The awarding ceremony for the Most Promising Security Idea will take place at the Security Summit of the Global Security Challenge held at London Business School on November 13, 2009.


Not all applications are created equal

29 June 2009

There’s a lot of buzz about apps for smartphones. Not all apps are created equal, however, particularly when it comes to making money from them as a developer.

And that matters to platform players (Apple, RIM, Android, Nokia/Symbian/Ovi, MSFT/WinMo and Palm/WebOS) and device vendors (Apple, RIM, Nokia, Samsung, Sony Ericsson, LG, HTC and Motorola) because apps matter to consumers, and the choices that developers make will play a big part in which platforms win.

For the core apps like mail, messaging and browsing, their importance and economics means that platform players or device vendors have to deliver a great experience, they’ll be prepared to spend $/€ millions to do so, and they’ll give them away for free. That’ll make it difficult or impossible to compete against them. The world does not need another mobile browser company.

There’s a related category where other big businesses will also seek a presence on a platform, such as the iPhone, because of the payoff to their wider online or offline business, through for example increased brand awareness or reach. Think Amazon, Barnes & Noble or BA Flights (Yes, I’m a transatlantic bibliophile).

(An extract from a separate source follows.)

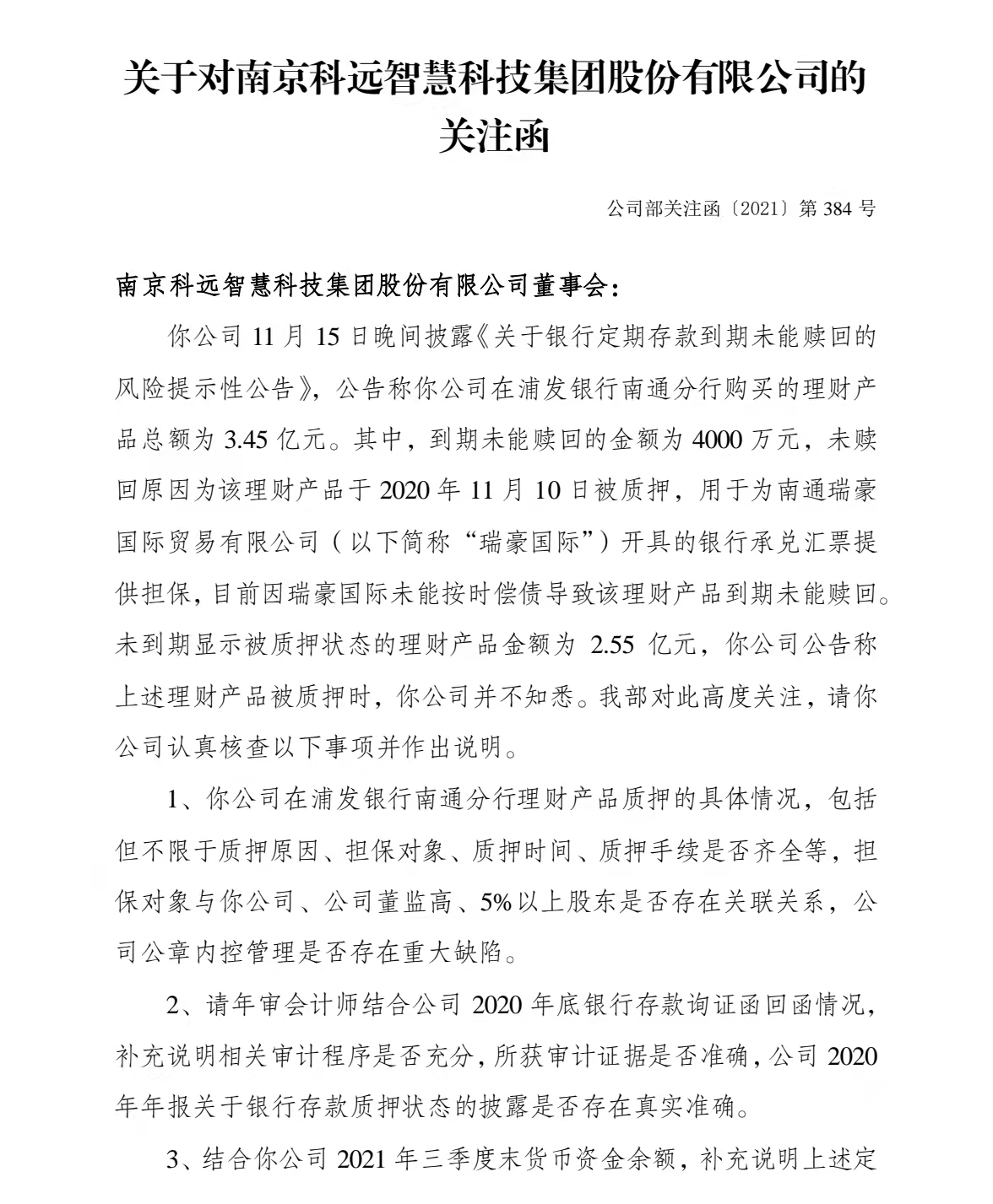 科遠(yuǎn)智慧3億元存款遭質(zhì)押擔(dān)保一事持續(xù)引發(fā)市場(chǎng)關(guān)注,11月17日,深交所向公司下發(fā)關(guān)注函,要求公司認(rèn)真核查并說(shuō)明在浦發(fā)銀行南通分行理財(cái)產(chǎn)品質(zhì)押的具體情況。

At the other end of the scale there will be a gazillion applets or widgets. It’ll be really hard to make money from these, because customers expect them to be free, and they’re often the fruit of individual developers scratching their own (sometimes idiosyncratic or even idiotic) itch. Maybe a little advertising money, but on a small screen, even a smartphone’s high resolution version, there’s a limited window for this. Perhaps if contextual information about who and where and what can be used, the value of a click-through can be raised, if privacy concerns can be addressed effectively.

In the middle, there seem to be two possibilities:

  1. focused apps targeting a well-defined and stable job that people want to get done, and whose utility and usability is high enough that people will pay a few $/€ for them, but which are not so universal that they get bundled into the core and given away for free
  2. infotainment apps, that can be renewed and replaced, fueling our insatiable appetite for amusement, such as games

There’s some really interesting analysis by ChubbyBrain (The iPhone Inspired 2nd Economy: Over $100 Million Goes from VCs to iPhone Startups) which estimates that $100 million in venture funding has already gone to iPhone apps insurgents in the middle of the spectrum. These are business for whom the apps are the core of their business rather than a complement to it, between established businesses that can fund iPhone app development themselves, and individual developers.

The three biggest categories, both by numbers of companies, and by amount invested:

  • gaming and entertainment
  • information provider
  • social networking

Yup, it’s all about amusing ourselves.

Interestingly, this is also why the economics of video are so different from the economics of music.